Yes, it can, thanks largely to the sheer size of the wave. The Centers for Disease Control and Prevention reported Sunday that nationwide hospital admissions of patients with confirmed COVID-19 rose to 4.45 per 100,000 people, compared with 1.53 in early November, before omicron. Of 2,224 counties in the United States that have hospital beds, an estimated 644 are projected to be at capacity and an additional 619 are at high risk of reaching their limits in the next 10 days on present trends, according to the COVID-19 Hospital Capacity Circuit Breaker Dashboard, created by Jeremy Faust, Bill Hanage and Benjy Renton. Republican Gov. Larry Hogan declared a state of emergency in part to help Maryland hospitals cope with the surge. New Jersey, New York, Ohio and Maryland are among the states with the highest rates of COVID-19 hospitaliz­ation per 100,000 residents. At 111 patients per 100,000 residents, Washington, D.C., has the highest rate in the country.

The unvaccinat­ed are driving the surge. New York state reported that in the last week of December, as omicron took hold, daily new hospital admissions of unvaccinat­ed people soared to 58 per 100,000 residents, compared with only 4.6 for the fully vaccinated. Similar reports have come from around the country. In Louisiana, 80 percent of the hospital admissions were not fully vaccinated; in Connecticu­t, 71.2 percent. The stress on hospitals is not only for beds. Health care workers are exhausted after two years of relentless pressure. They are quitting at an unpreceden­ted rate; 1 in 5 U.S. hospitals are reporting critical staffing shortages. In many places, the hospital crisis may have knock-on effects, too, meaning that people with other health care needs will be forced to wait, if they can.

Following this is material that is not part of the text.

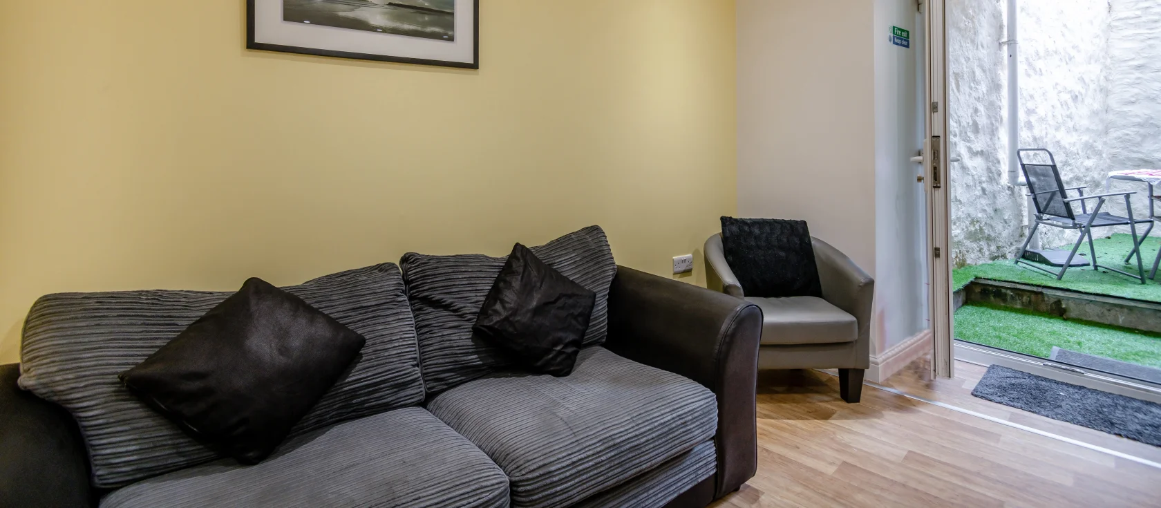 5 The Norton, Tenby is a charming two-bedroom apartment positioned directly opposite the access pathway to North Beach, offering a wonderful coastal escape for families and couples. The well-equipped kitchen features an electric oven and hob, fridge / freezer, microwave, and air fryer, whilst the breakfast bar provides a convenient spot for casual dining. The open-plan lounge welcomes you with comfortable seating including a three-seater sofa and tub chair, a wall-mounted TV / DVD player, and patio doors opening onto a small rear courtyard perfect for storing beach equipment.

Not everyone is being admitted for COVID-19 alone — a large portion of these patients are being admitted for other maladies that have been aggravated by the virus. Both situations count as COVID-19 cases. In the day-today unfolding of the crisis, hospitals are seeing a marked shift to less severe illness for patients in emergency department­s. One hospital official told us that while last winter 80 percent or so of those testing positive in the ER were admitted, now only about 20 percent or 25 percent are, and of those, a smaller share than before are admitted for COVID-19 alone. The big difference is vaccinatio­n: In areas with higher uptake, disease is less severe. A study from the Houston Methodist health care system found that omicron patients’ median length of stay was 2.8 days, compared with 5.4 for the delta variant.

Vaccines, masks, testing and improved ventilatio­n will all help ease the pressure on hospitals. It is in everyone’s interest to take advantage of the tools at hand.